> _Exercise_: Only the lines from the beginning of the entries through the one with "升降台升起来可以当桌椅招待客人,降下来可以当床用。" should be written out, please, exactly and without any pictures.

** Opening Data for this task block **

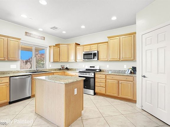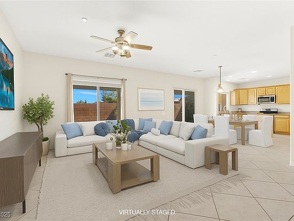 Immaculate 4-bedroom, 3-bath Pulte home is filled with thoughtful upgrades, modern touches & nestled below the breathtaking Black Mountain. Open-concept floor plan offers a spacious great room & formal living area/flex space, while the chef’s kitchen boasts granite countertops, island, rich wood cabinetry, newer stainless steel appliances & pantry. Each bedroom has mountain views, ceiling fans, generous closet space & plush newer carpeting. Primary suite features luxurious bathroom w/Roman tub, separate shower, dual sinks & raised dual vanity. Additional highlights: Smart home technology, H2O filtration system, Newer A/C’s (2022), large laundry room, finished garage & tons of storage. Exterior: custom landscaping in the front & back yards, welcoming front porch, large covered patio & an extended driveway for extra parking. Located near top rated schools, shopping, dining & freeway access. Mountain biking & hiking trails blocks away w/ Lake Mead & Boulder City within a short drive.
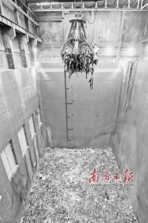 抓斗将发酵的垃圾抓起,准备送入焚烧炉。
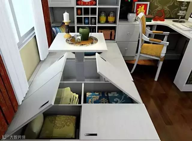 升降台升起来可以当桌椅招待客人,降下来可以当床用。
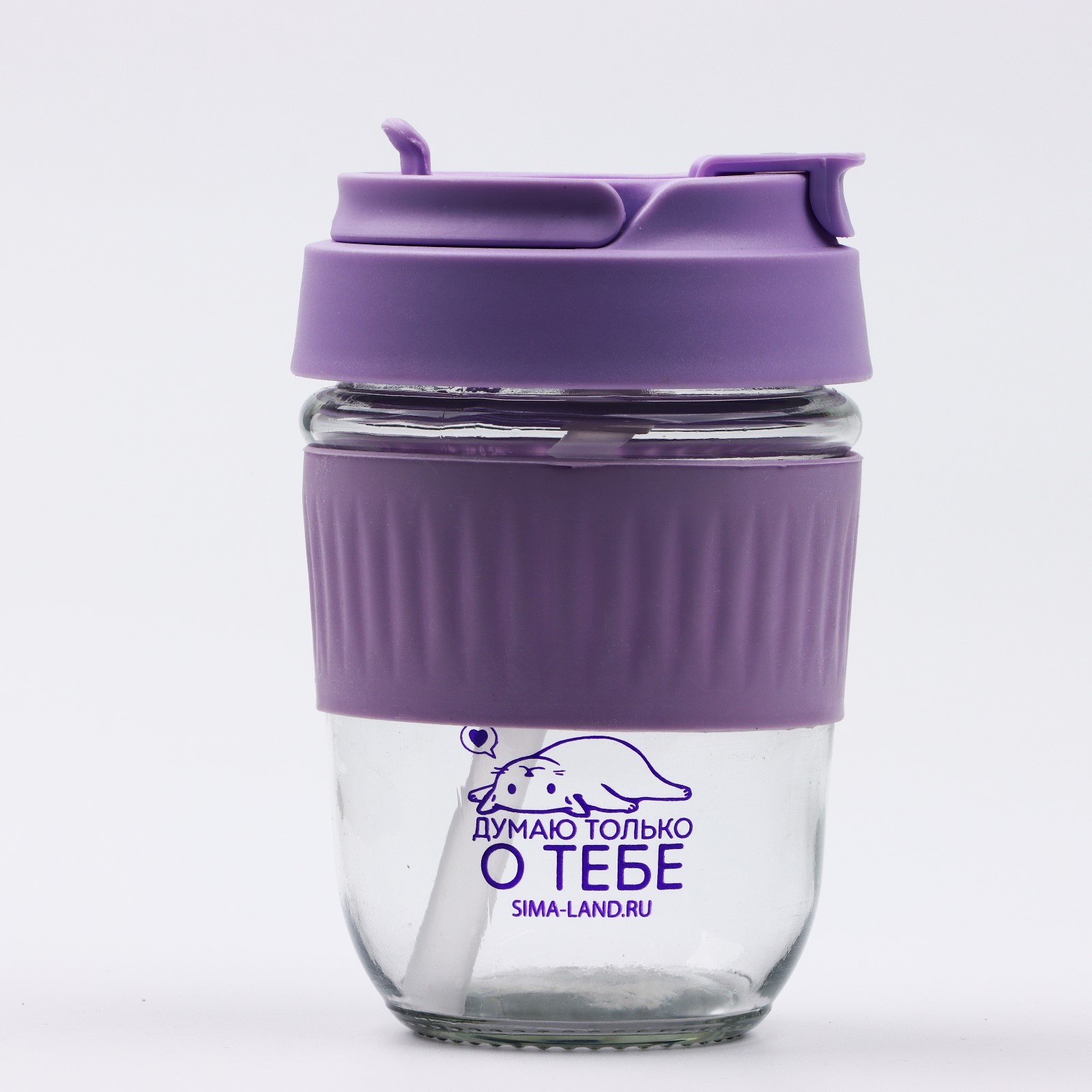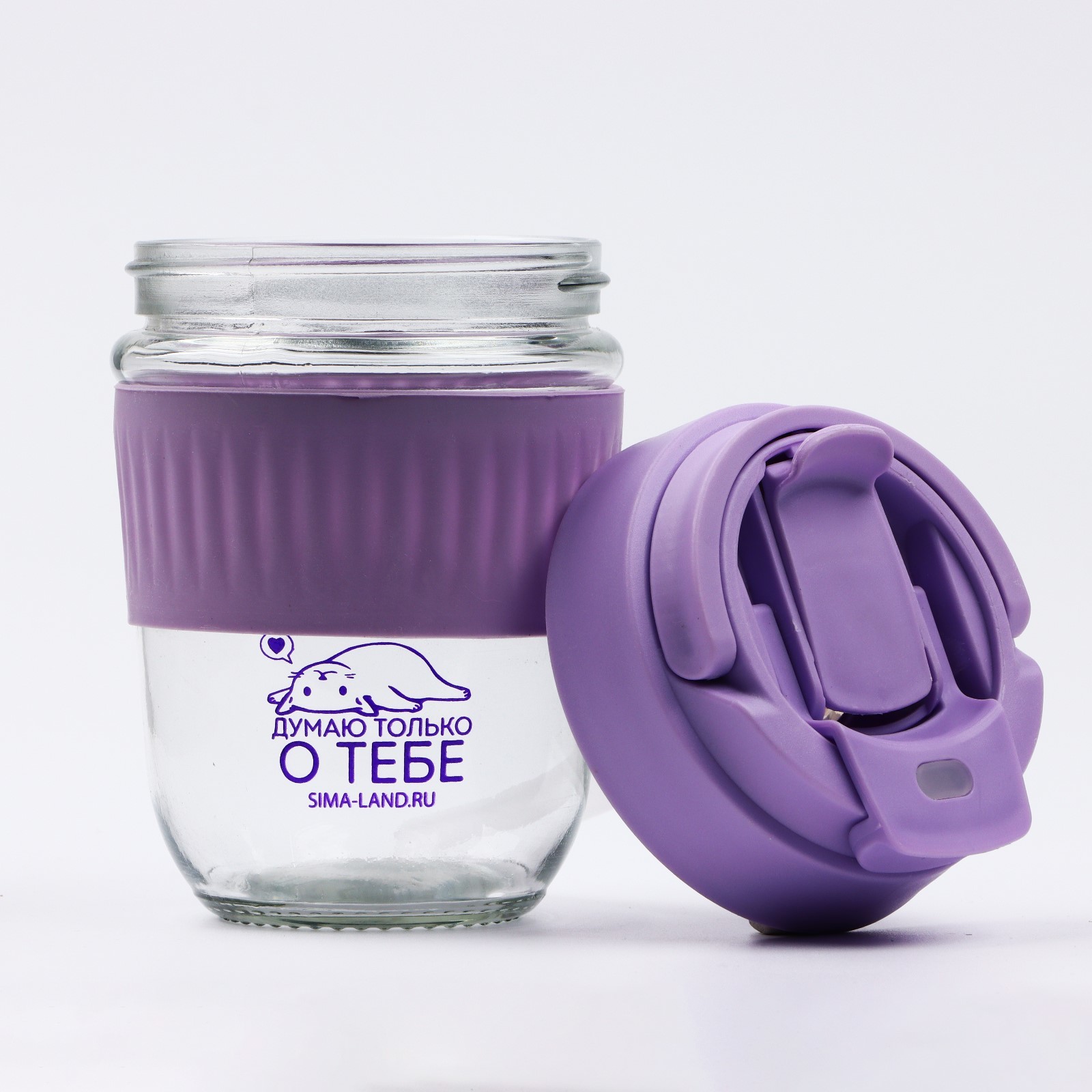 Стакан с крышкой "думаю о тебе", 350 мл, стекло
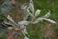 主要為害嫩枝、葉片、新梢,也為害花及幼果。病部滿布白粉是此病的主要特征。幼苗被害,葉片及嫩莖上產(chǎn)生灰白色斑塊,發(fā)病嚴(yán)重時(shí)葉片萎縮、卷曲、變褐、枯死,后期病部長(zhǎng)出密集的小黑點(diǎn)。大樹(shù)被害,芽干癟尖瘦,春季發(fā)芽晚,節(jié)間短,病葉狹長(zhǎng),質(zhì)硬而脆,葉緣上卷,直立不伸展,新梢滿覆白粉。生長(zhǎng)期健葉被害則凹凸不平,葉綠素濃淡不勻,病葉皺縮扭曲,甚至枯死。
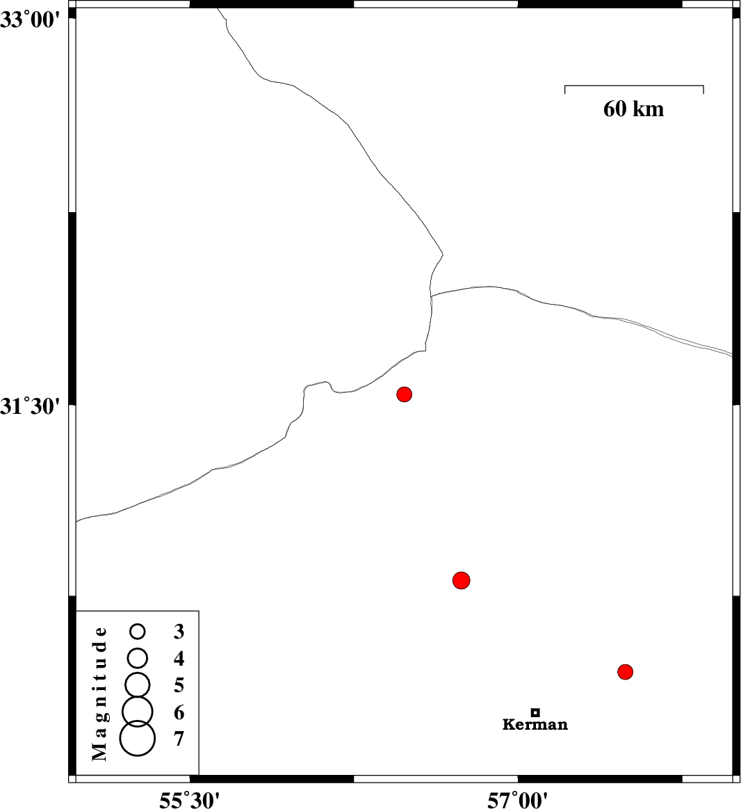 | 2010/03/25 | 01:49:38.1 | 06:19:38.1 | 30.45 | 57.49 | 6 | ML:3.1 | Kerman Province, 43 km North-East of Kerman | ||
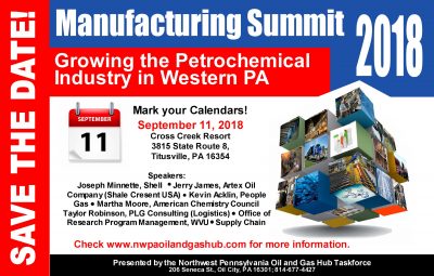 Titusville – “Manufacturing Summit 2018, Growing the Petrochemical Industry in Western PA,” will be held September 11 at...
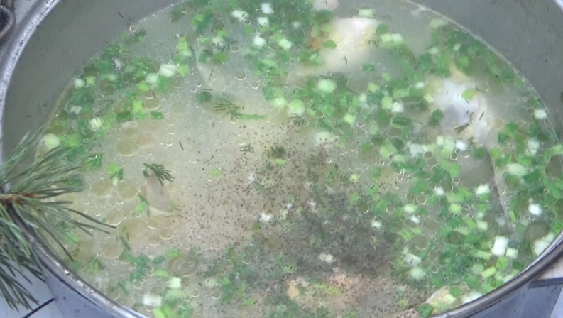 Когда овощи готовы, пришла пора добавить лосося, который также предварительно нарезан. Варите до получения желаемой текстуры рыбы, затем добавьте нарезанную зелень и черный перец по вкусу. Огонь можно выключить, но дайте ухе настояться несколько минут. Теперь суп готов к подаче!
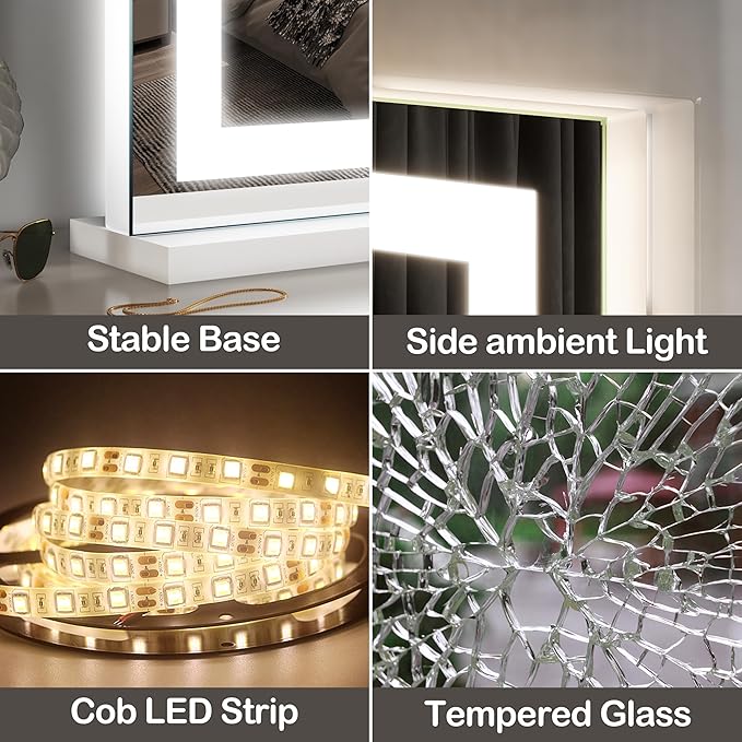 - 💌【Safety Tempered Glass - Shatter-Resistant Design】Features tempered glass mirror with enhanced impact resistance. Shatter-resistant coating prevents dangerous glass fragmentation (safer for homes with kids/pets). our vanity mirror is designed to withstand daily use ,Quality guaranteed and longer Lifespan。If for any reason you don’t satisfy, just contact us and We will solve it for you, 24 hours online!
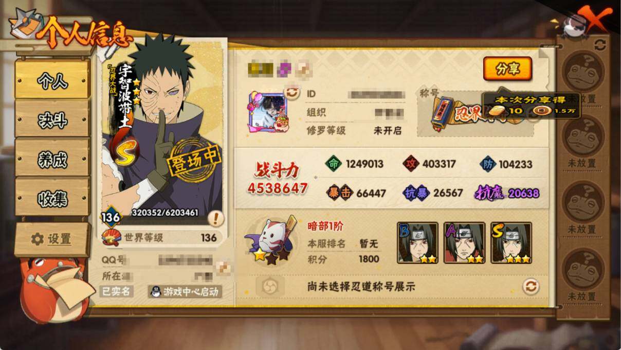 7S级忍者数-24A级忍者数【S级忍者】:宇智波带土「忍界大战」(3星),
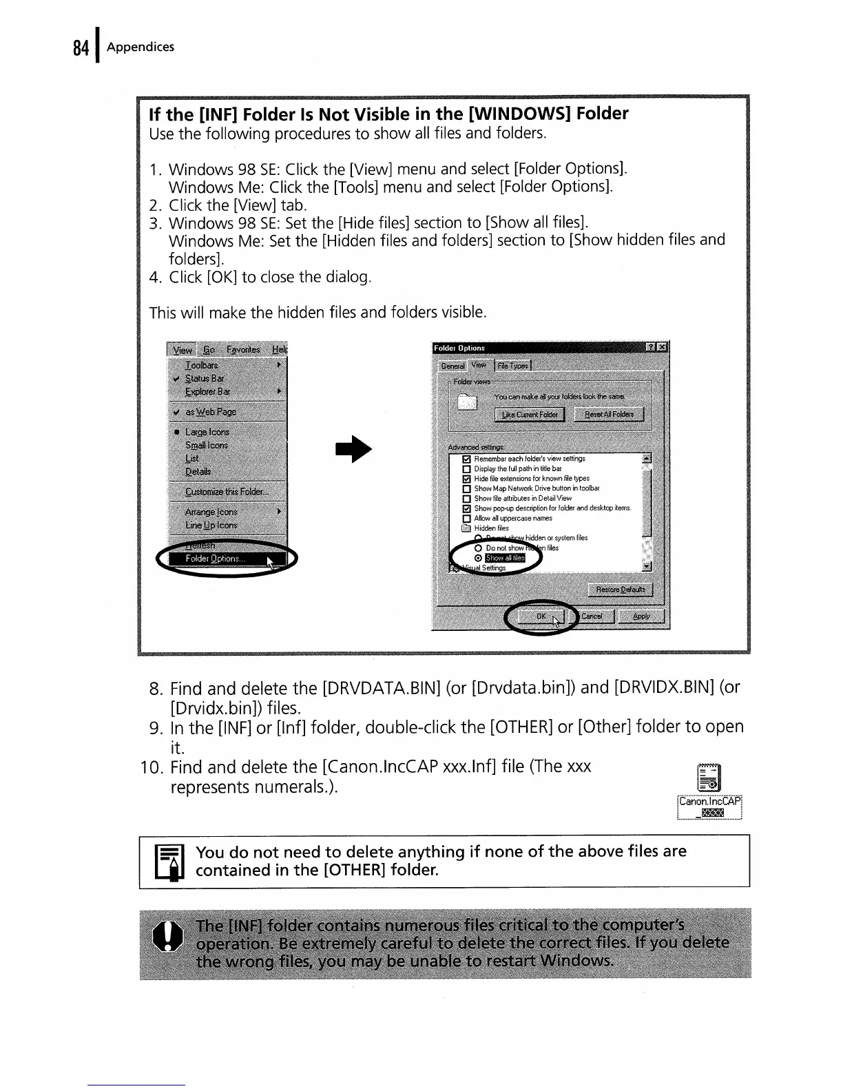Windows Me: Click the [Tools] menu and select [Folder Options].

** Closing Data for this task block **

> _Answer below_:
 Immaculate 4-bedroom, 3-bath Pulte home is filled with thoughtful upgrades, modern touches & nestled below the breathtaking Black Mountain. Open-concept floor plan offers a spacious great room & formal living area/flex space, while the chef’s kitchen boasts granite countertops, island, rich wood cabinetry, newer stainless steel appliances & pantry. Each bedroom has mountain views, ceiling fans, generous closet space & plush newer carpeting. Primary suite features luxurious bathroom w/Roman tub, separate shower, dual sinks & raised dual vanity. Additional highlights: Smart home technology, H2O filtration system, Newer A/C’s (2022), large laundry room, finished garage & tons of storage. Exterior: custom landscaping in the front & back yards, welcoming front porch, large covered patio & an extended driveway for extra parking. Located near top rated schools, shopping, dining & freeway access. Mountain biking & hiking trails blocks away w/ Lake Mead & Boulder City within a short drive.
 抓斗将发酵的垃圾抓起,准备送入焚烧炉。
 升降台升起来可以当桌椅招待客人,降下来可以当床用。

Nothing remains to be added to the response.